- _To do_: Write out exactly the lines below starting at the one containing "Acrylic Paint on" and ending at the one containing "2月25日,重庆市血液中心检验科工作人员对采集回来的血液进行核酸检测筛查。". Omit every picture.

- _Recorded data_:
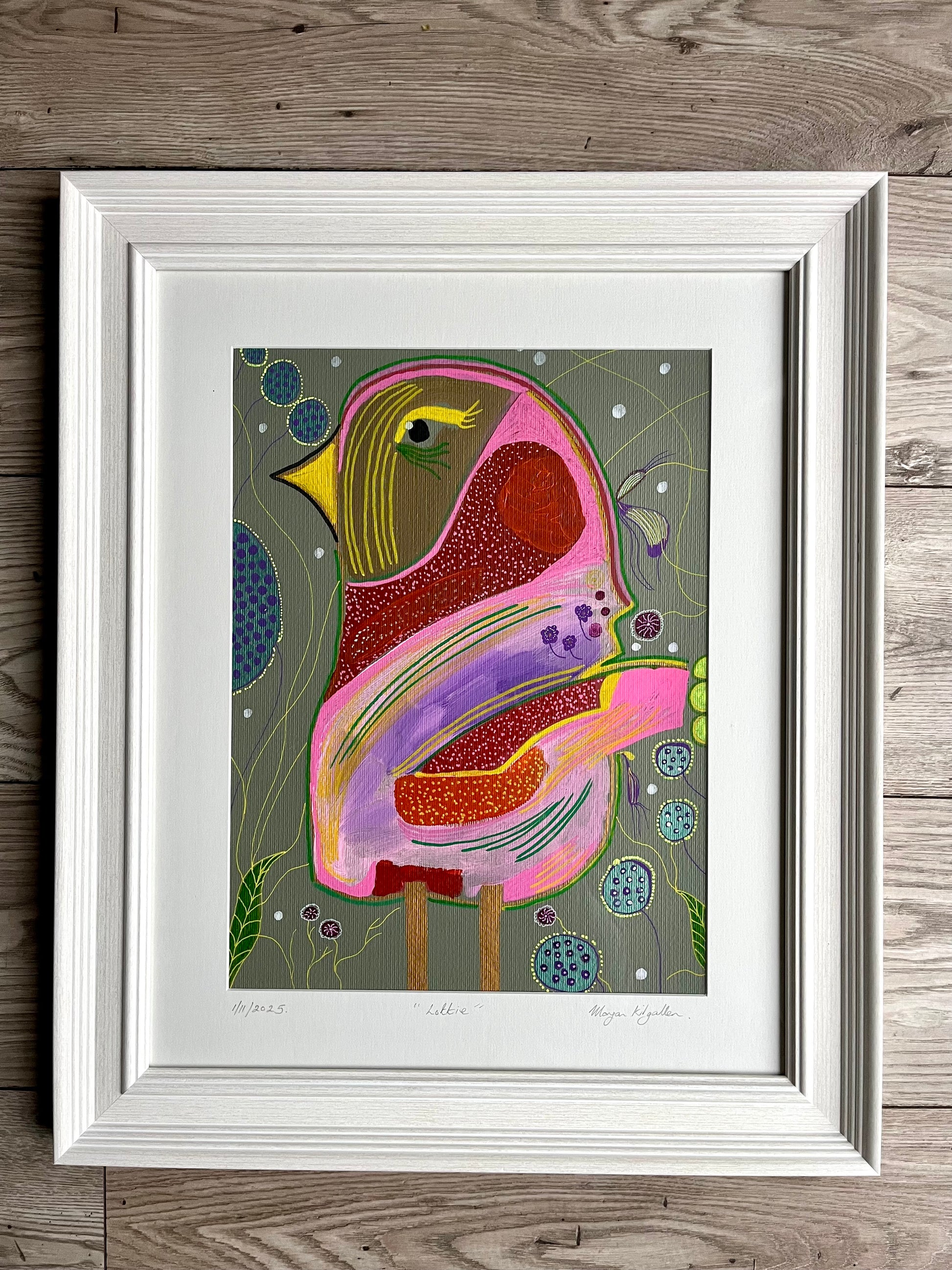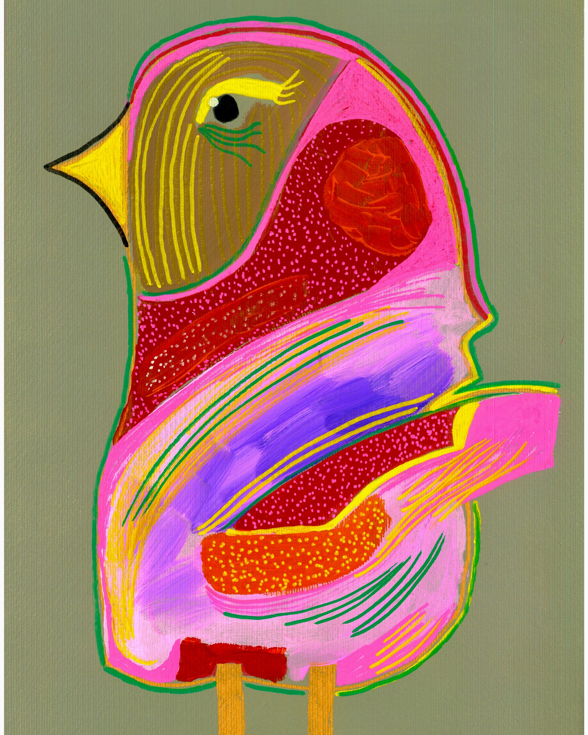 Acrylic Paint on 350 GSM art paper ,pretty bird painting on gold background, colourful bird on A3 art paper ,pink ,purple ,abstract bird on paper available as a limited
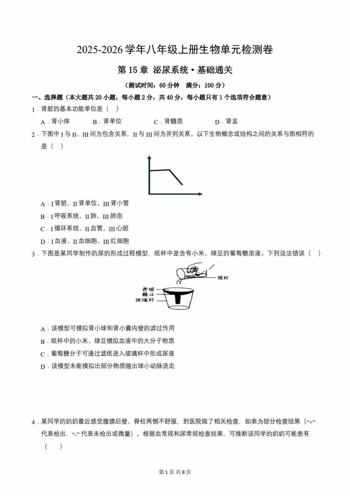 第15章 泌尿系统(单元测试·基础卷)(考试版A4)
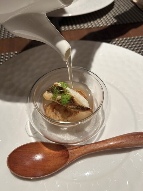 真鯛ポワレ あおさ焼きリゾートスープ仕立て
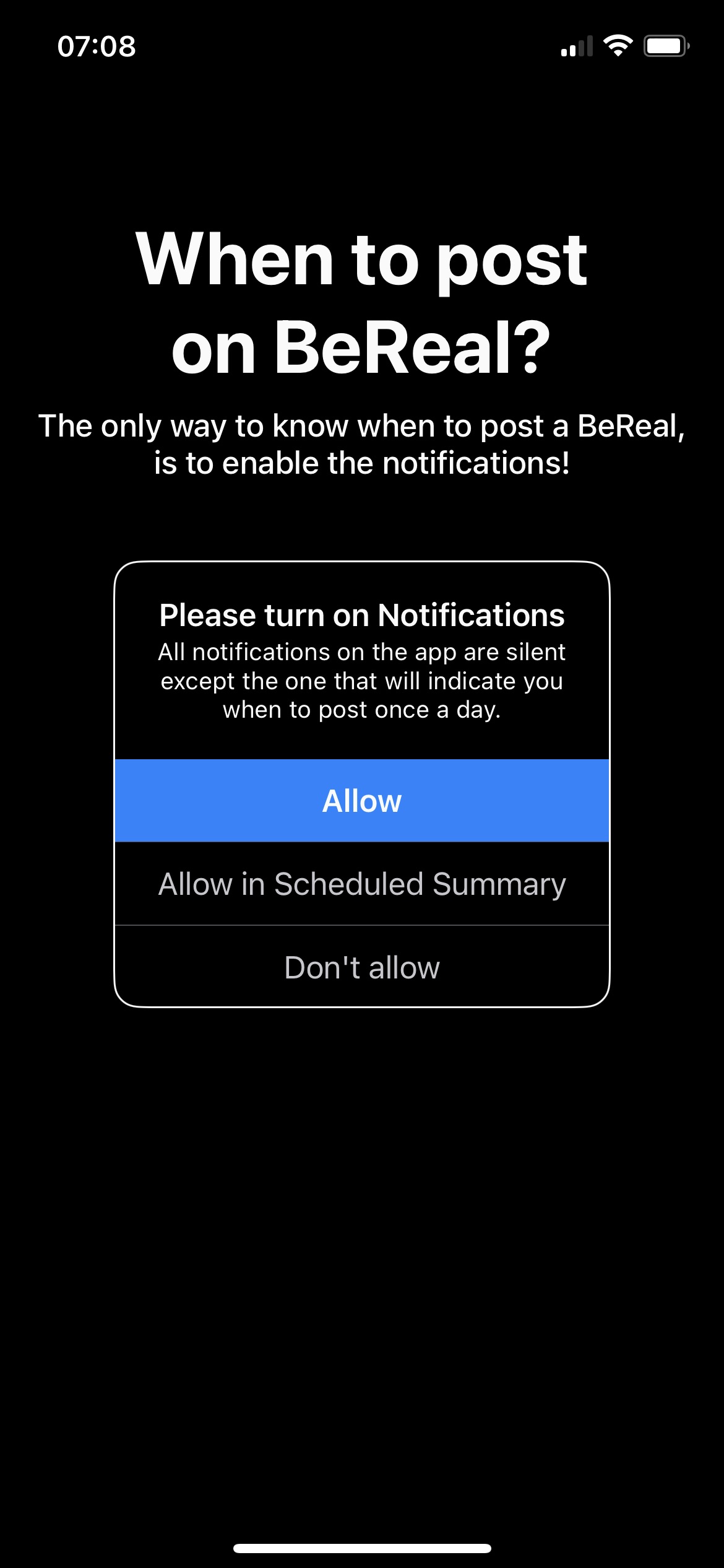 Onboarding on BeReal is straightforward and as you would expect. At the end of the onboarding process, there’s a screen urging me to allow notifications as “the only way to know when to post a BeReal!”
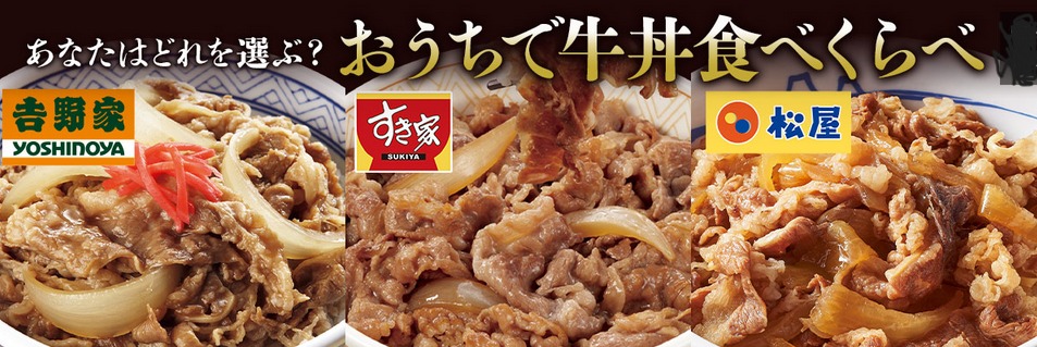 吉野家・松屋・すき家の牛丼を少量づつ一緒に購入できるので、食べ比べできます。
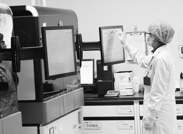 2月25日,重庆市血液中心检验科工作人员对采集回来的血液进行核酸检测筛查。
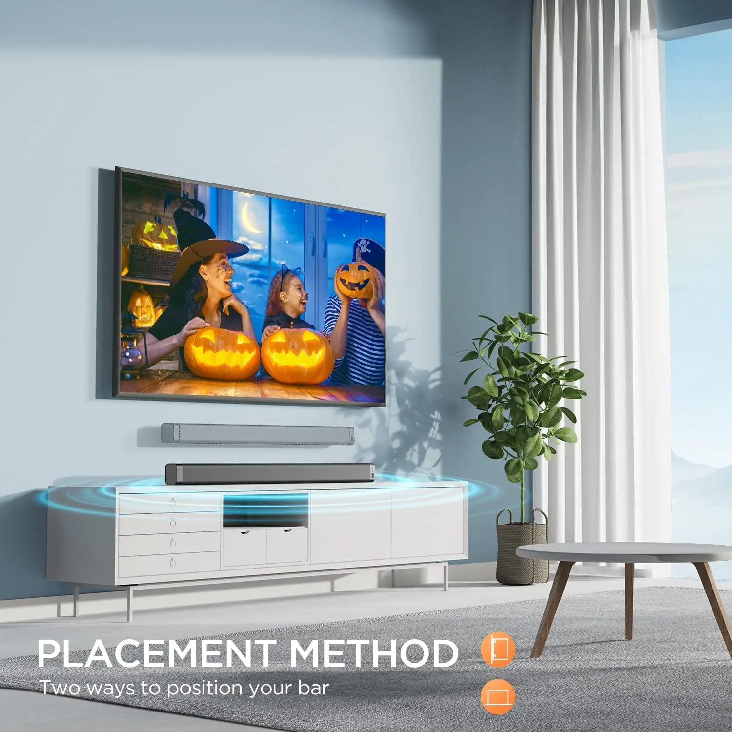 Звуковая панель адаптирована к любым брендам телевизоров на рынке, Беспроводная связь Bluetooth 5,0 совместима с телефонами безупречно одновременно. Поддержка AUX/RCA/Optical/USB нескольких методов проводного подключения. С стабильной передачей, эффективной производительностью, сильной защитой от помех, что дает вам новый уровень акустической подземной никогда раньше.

---

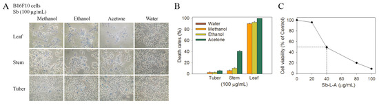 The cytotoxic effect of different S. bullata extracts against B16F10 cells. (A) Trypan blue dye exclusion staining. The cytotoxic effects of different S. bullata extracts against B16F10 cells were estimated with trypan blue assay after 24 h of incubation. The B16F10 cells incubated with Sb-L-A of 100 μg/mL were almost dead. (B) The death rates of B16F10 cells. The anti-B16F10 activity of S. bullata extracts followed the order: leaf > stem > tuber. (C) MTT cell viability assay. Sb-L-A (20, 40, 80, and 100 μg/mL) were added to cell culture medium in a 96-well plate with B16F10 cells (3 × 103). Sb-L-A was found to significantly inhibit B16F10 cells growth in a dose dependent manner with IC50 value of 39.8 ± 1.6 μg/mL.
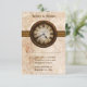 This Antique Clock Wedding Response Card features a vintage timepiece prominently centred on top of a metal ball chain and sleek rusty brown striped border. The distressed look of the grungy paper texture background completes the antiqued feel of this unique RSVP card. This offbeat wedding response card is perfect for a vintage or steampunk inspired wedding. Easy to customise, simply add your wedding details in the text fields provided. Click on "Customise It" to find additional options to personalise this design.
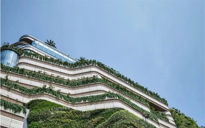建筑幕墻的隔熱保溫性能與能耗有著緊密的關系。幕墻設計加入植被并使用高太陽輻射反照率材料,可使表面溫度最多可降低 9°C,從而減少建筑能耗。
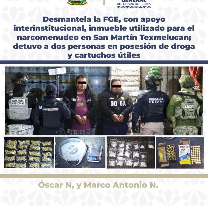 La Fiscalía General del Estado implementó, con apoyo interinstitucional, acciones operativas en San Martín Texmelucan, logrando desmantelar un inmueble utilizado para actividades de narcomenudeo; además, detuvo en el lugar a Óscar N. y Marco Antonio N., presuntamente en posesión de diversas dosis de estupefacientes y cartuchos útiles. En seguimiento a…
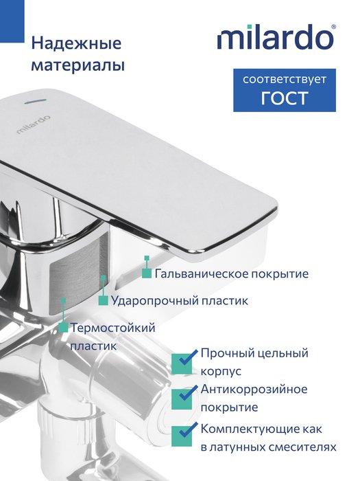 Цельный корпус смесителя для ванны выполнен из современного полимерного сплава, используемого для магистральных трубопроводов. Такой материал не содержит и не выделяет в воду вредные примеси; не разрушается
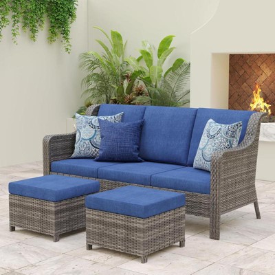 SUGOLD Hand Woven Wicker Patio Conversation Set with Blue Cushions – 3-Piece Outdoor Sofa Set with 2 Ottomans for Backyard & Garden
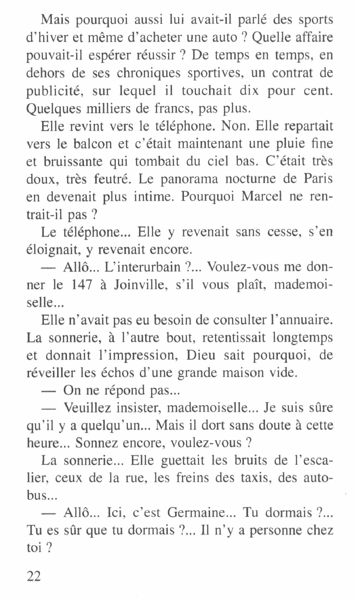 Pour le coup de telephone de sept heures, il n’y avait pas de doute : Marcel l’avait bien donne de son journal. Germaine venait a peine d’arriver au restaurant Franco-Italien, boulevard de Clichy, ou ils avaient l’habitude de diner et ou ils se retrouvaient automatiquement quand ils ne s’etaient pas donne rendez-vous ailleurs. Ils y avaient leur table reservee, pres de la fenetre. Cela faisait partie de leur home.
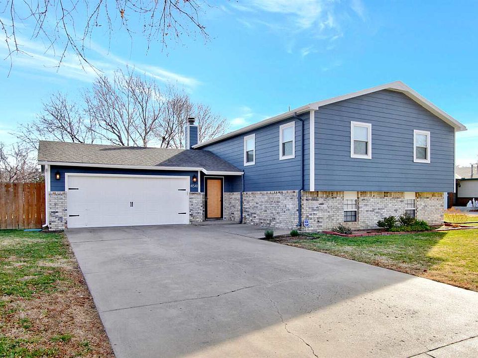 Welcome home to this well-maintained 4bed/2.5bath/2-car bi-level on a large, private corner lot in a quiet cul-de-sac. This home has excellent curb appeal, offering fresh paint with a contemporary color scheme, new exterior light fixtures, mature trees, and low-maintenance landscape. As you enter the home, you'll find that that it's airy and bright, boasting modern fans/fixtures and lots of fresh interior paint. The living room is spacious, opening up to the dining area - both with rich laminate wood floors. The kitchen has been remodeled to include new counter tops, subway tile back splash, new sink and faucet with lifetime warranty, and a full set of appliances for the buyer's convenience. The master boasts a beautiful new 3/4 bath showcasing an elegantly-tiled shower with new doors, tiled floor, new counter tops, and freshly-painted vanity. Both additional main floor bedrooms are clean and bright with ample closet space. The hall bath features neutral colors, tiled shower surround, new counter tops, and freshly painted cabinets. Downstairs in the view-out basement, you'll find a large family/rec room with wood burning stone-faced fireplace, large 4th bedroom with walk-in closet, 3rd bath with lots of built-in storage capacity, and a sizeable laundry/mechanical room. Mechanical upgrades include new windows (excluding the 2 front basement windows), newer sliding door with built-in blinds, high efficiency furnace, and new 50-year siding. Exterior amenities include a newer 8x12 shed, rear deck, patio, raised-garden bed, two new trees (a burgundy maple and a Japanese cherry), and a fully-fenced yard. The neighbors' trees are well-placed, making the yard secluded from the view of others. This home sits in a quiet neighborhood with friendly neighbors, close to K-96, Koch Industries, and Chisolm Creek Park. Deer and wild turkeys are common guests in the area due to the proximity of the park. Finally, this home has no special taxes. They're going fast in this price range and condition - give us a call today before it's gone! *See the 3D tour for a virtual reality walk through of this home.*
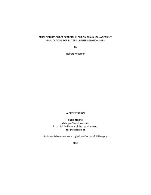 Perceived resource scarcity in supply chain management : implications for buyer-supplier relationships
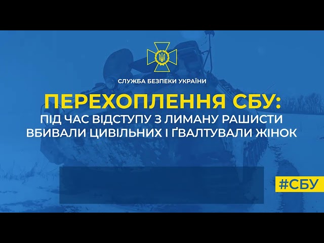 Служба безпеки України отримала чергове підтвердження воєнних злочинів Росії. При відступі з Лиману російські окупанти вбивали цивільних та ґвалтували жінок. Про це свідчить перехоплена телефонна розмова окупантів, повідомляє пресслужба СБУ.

- _Response area_:
 Acrylic Paint on 350 GSM art paper ,pretty bird painting on gold background, colourful bird on A3 art paper ,pink ,purple ,abstract bird on paper available as a limited
 第15章 泌尿系统(单元测试·基础卷)(考试版A4)
 真鯛ポワレ あおさ焼きリゾートスープ仕立て
 Onboarding on BeReal is straightforward and as you would expect. At the end of the onboarding process, there’s a screen urging me to allow notifications as “the only way to know when to post a BeReal!”
 吉野家・松屋・すき家の牛丼を少量づつ一緒に購入できるので、食べ比べできます。
 2月25日,重庆市血液中心检验科工作人员对采集回来的血液进行核酸检测筛查。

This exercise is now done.